SESSION TYPE: Airway Global Case Report Posters

PRESENTED ON: Tuesday, October 23, 2012 at 01:30 PM - 02:30 PM

INTRODUCTION: Even though mediastinal neurofibromas are common, intrapulmonary neurofibromas are rare. Nodular shadows in the chest x-rays of neurofibromatosis are often due to the lesions in the chest wall. In this paper, we present a case of intrathoracic neurofibroma with intrabronchial extension. Lesions extending into the bronchial lumen making bronchoscopic diagnosis possible, as in this case is extremely rare.

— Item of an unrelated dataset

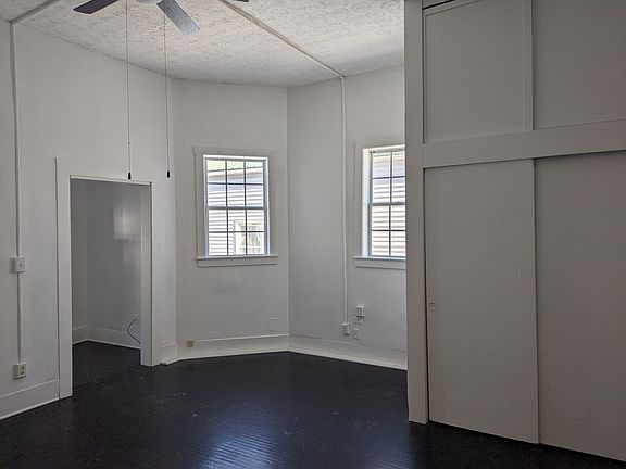 New kitchen cabinets, plumbing, and flooring, as well as fresh paint, new light fixtures, and plenty of other upgrades throughout. This unit has amazing 10' ceilings and great light. A great location in downtown New Albany, half a block from Vincennes and only 2 blocks from Spring St. means easy walking distance to food and shopping. Outside there is a shared front porch, as well as decent front and back yard spaces. Two shared off-street parking spaces in the rear besides plenty of additional street parking. Restricted front door access, as well as a private entrance in the rear. Inside, refrigerator and stove are both included, and there is a huge closet for the size of the unit. Hardwood floors through most of the unit with tile in the bathroom. If the current white paint doesn't excite you, never fear, we allow painting! It's possible shared laundry will be installed in this building in the future. If you are interested, please let us know. Floor plan included in images. Most pets will require a refundable deposit, which will vary based on the pet. For obvious reasons, loud pets are discouraged in apartment buildings. Tenant is responsible for all utilities. 12 month lease, security deposit is equal to one month's rent. Security deposit and full first month's rent due at move-in. $1,500 to move in not including application fee.

CASE PRESENTATION: A 24 year old female presented with cough and breathlessness of 1 month duration. She had extensive neurofibromatosis. The chest X-ray showed multiple nodular shadows in the right hemithorax with left pleural effusion . CT thorax confirms that the nodules are intrapulmonary in location. Fiber optic Bronchoscopy revealed multiple nodular swellings in the both main bronchi partially compressing the lumen. Multiple biopsies were taken from these endobronchial lesions. The histopathology picture of bronchoscopic biopsy specimen was consistent with neurofibroma in the airways.

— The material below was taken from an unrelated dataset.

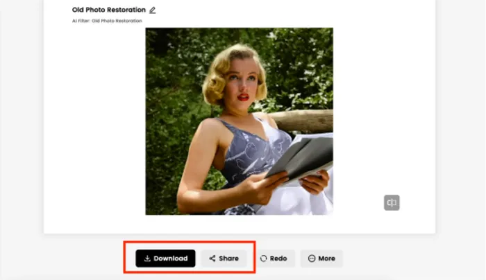 3. Download: Save your high-resolution restored photo or edit further.

DISCUSSION: Neurofibromas are benign tumors arising from neural crest cells and may arise in any peripheral nerve. They can be solitary or multiple (Neurofibromatosis). The tumors may cause subcutaneous nodules, colored spots, skeletal problems, pressure on spinal nerve roots, and other neurological problems. Neurogenic tumors account for about 9% of primary mediastinal masses in adults and 30% of mediastinal tumors in children. Neurofibromas may involve the mediastinum extensively and can become quite large and have pressure effects on thoracic structures like trachea, superior vena cava and oesophagus2. They typically appear as well-marginated, smooth, round or elliptic masses in the paravertebral regions or along the course of the vagus, phrenic, recurrent laryngeal or intercostal nerves. In CT, they appear as well-defined subcutaneous neurofibromas, focal thoracic scoliosis, posterior vertebral scalloping, enlarged neural foramina, and characteristic rib abnormalities due to bone dysplasia or erosion from adjacent neurofibromas. They show variable contrast material enhancement and may calcify. They can result in diffuse mediastinal widening and may mimic lymphoma, sarcoid, lymphangiomatosis, and metastatic disease3. However, neurogenic benign tumors arising from the trachea and bronchus are relatively rare. Hidemi Suzuki4 et al have reported three cases of neurofibroma of the bronchus which were successfully treated by transbronchial electrical snaring and Nd-YAG laser abrasion. NF-associated ILD Neurofibromatosis with diffuse lung disease is a distinct clinical entity, characterized by upper lobe cystic and bullous disease and basilar fibrosis. Pulmonary function tests show either an obstructive or a restrictive defect, and a decreased DLCO is almost always present. HRCT appearance in NF-DLD commonly report large apical asymmetric thin-walled bullae, cystic changes and emphysema5. Histopathology is consistent with nonspecific idiopathic pneumonia (NSIP) pattern. Because there is no cure for neurofibromatosis, the only therapy is a program of treatment by a team of specialists to manage symptoms or complications. Surgery may be needed when the tumors compress organs or other structures. Less than 10% of people with neurofibromatosis develop cancerous growths; in these cases, chemotherapy may be successful.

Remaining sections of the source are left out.